Data analysis and quantification.

Data were analyzed densitometrically with the Aida Image Analyzer program (version 3.44.035) and a Fuji BAS-1500 phosphorimager in the case of radioactive samples from in vitro experiments. Care was taken to avoid intensity saturation, and signal linearity was checked by serial dilutions. For the polyprotein-processing experiments, the intensities of all of the polyprotein precursor bands (P1234, P123, P12, and P34) and individual nsP1-to-nsP4 bands were quantitated, and their sum total at each time point was taken as 100%. The results for each protein are expressed as a percentage of this total, and they thus describe the relative rates of processing. For the in vitro assays, complete cleavage of the substrates was achieved by an excess of enzyme in three parallel independent experiments. The released products were quantified, and a value of 100% was given to the average of the intensities. All of the data shown in the figures and tables are averages of two independent experiments. The absolute values of the two data points differed, in each case, less than 10% in the in vitro experiments and less than 15% in the experiments carried out with cells.

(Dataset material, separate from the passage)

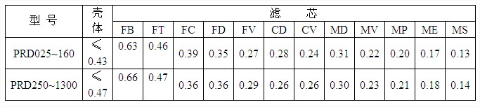 4 額定流量下的清潔濾芯壓降(單位:1×10 5Pa 介質(zhì)參數(shù):30mm 2/s 0.86kg/dm 3)

Protease activity of nsP2 in vitro.

As the substrate for the purified nsP2 proteases, we used the recombinant protein Trx34, which contains approximately 20 residues on both sides of the cleavage site between the nsP3 and nsP4 domains of P1234, fused to the thioredoxin carrier (Fig. 2A). Trx34 was also histidine tagged and purified by Ni²⁺ affinity chromatography. After 60 min of incubation, the reaction mixtures were analyzed by SDS-PAGE. Under these conditions, the substrate and the larger cleavage product could be easily visualized after staining with Coomassie blue (Fig. 2B). Densitometric analysis was used to quantitate the amounts of substrate and product in samples withdrawn after different times of incubation.

First we assayed the wild-type nsP2 protease activity at different temperatures (Fig. 2C). The purified recombinant protein had very low activity at 39°C, which is the restrictive temperature for the replication of the ts mutants, becoming inactive after 5 min. Since significant activity, resulting in 50% cleavage of the substrate in 60 min, could be detected at 35°C, we selected 24°C and 35°C as permissive and restrictive temperatures, respectively, for further experiments with the mutant proteins. Thus, the temperature difference was 11°C, the same as that used in the in vivo studies, but the range was shifted by 4°C.

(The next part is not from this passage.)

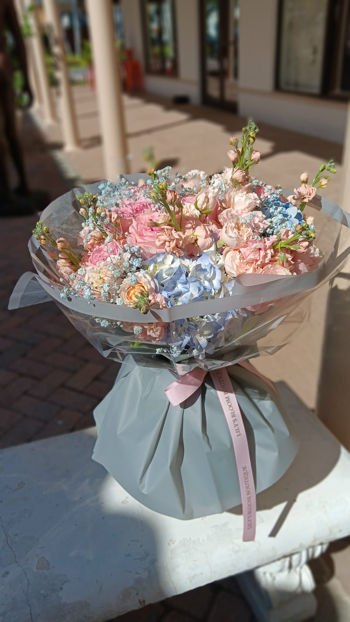 Each bouquet is carefully arranged to ensure it arrives fresh and beautiful. With its graceful design, this Pink and Blue bouquet will help you say, "Thank you."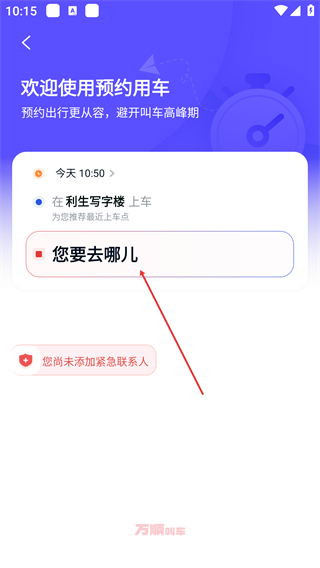 3、在预约用车页面,填写【您要去哪儿】的目的地信息。

Time course experiments carried out at 24°C showed that the ts1, ts9, and ts11 mutant proteins displayed kinetics similar to those of wild-type nsP2, while ts6, ts4, and ts13a had slightly lower activities (Fig. 3A). At 35°C, the wild-type, ts1, and ts9 protease activities were almost identical, resulting in about 50% cleavage of the substrate after 60 min of incubation (Fig. 3B). In contrast, ts4, ts13a, ts6, and ts11 showed greatly reduced activity at 35°C. The ts4 mutation caused the most severe effect, since after 5 min at 35°C no further cleavage could be detected (Fig. 3B). As the mutations of ts4, ts6, and ts11 were located in the carboxy-terminal protease domain, this result could be expected. In contrast, the strong protease defect of nsP2 of ts13a, where the mutation is located in the helicase domain, was unexpected. Therefore, we also analyzed the protease activity of the NTPase-helicase active-site mutant GNS, which had wild-type protease activity at both temperatures in the assay (data not shown).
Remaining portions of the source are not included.